Mobile Mental Wellness / Mobile Wellness Incorporated provides therapy and wellness services. If you request psychiatric evaluation or medication management services through our partnered provider, we must share certain protected health information (PHI) to coordinate your care.
Third-Party Provider:
Mindful Care
Information That May Be Shared:
If you elect to pursue psychiatric services, the following information may be disclosed for the purpose of coordination of care:
Demographic information
Contact information
Insurance information
Intake assessment
Diagnosis
Treatment plan
Relevant progress notes
Medication history (if applicable)
Information will be limited to what is reasonably necessary to coordinate services.
If you do not request psychiatric services through this third-party provider, your information will not be shared.
Purpose of Disclosure:
To coordinate psychiatric evaluation, medication management, and continuity of care.

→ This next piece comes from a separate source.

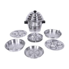 Idli Maker Aluminium Idli-Dhokla Streamer/Maker (18 Idli)(1 Pot, 1 Lid, 4 Idli Plates, 2 Dhokla Plates, 1 Steamer Plate) – Idli Cooker | Idli/Dhokla/Momos Maker Is Made Of Heavy Quality Aluminium with stainless steel Handle

Expiration of Authorization:
This authorization will remain valid for one (1) year from the date of signature unless revoked in writing earlier.
Your Rights:
You may refuse to sign this authorization.

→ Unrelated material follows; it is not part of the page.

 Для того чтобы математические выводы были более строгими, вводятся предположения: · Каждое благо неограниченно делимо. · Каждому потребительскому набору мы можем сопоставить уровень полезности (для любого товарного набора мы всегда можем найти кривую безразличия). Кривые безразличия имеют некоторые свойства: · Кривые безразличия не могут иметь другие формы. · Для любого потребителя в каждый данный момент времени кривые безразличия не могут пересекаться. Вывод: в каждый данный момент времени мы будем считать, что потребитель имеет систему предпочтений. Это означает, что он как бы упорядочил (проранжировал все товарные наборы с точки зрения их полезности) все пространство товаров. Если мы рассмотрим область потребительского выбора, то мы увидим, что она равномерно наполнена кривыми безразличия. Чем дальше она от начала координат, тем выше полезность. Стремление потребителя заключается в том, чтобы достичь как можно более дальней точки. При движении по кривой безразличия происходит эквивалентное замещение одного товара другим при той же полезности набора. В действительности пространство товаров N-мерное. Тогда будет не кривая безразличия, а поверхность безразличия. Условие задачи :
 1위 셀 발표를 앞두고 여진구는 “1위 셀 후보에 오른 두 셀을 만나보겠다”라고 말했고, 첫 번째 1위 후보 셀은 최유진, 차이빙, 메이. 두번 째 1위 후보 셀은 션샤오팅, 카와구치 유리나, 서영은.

Your refusal will not affect your ability to receive therapy services from Mobile Mental Wellness.
You may revoke this authorization at any time in writing, except to the extent that action has already been taken in reliance on it.
You have the right to receive a copy of this authorization.
Authorization Consent
I understand that if I request psychiatric services through the above-named provider, my information may be shared as described above. I voluntarily authorize this disclosure for the purpose of coordinating psychiatric care.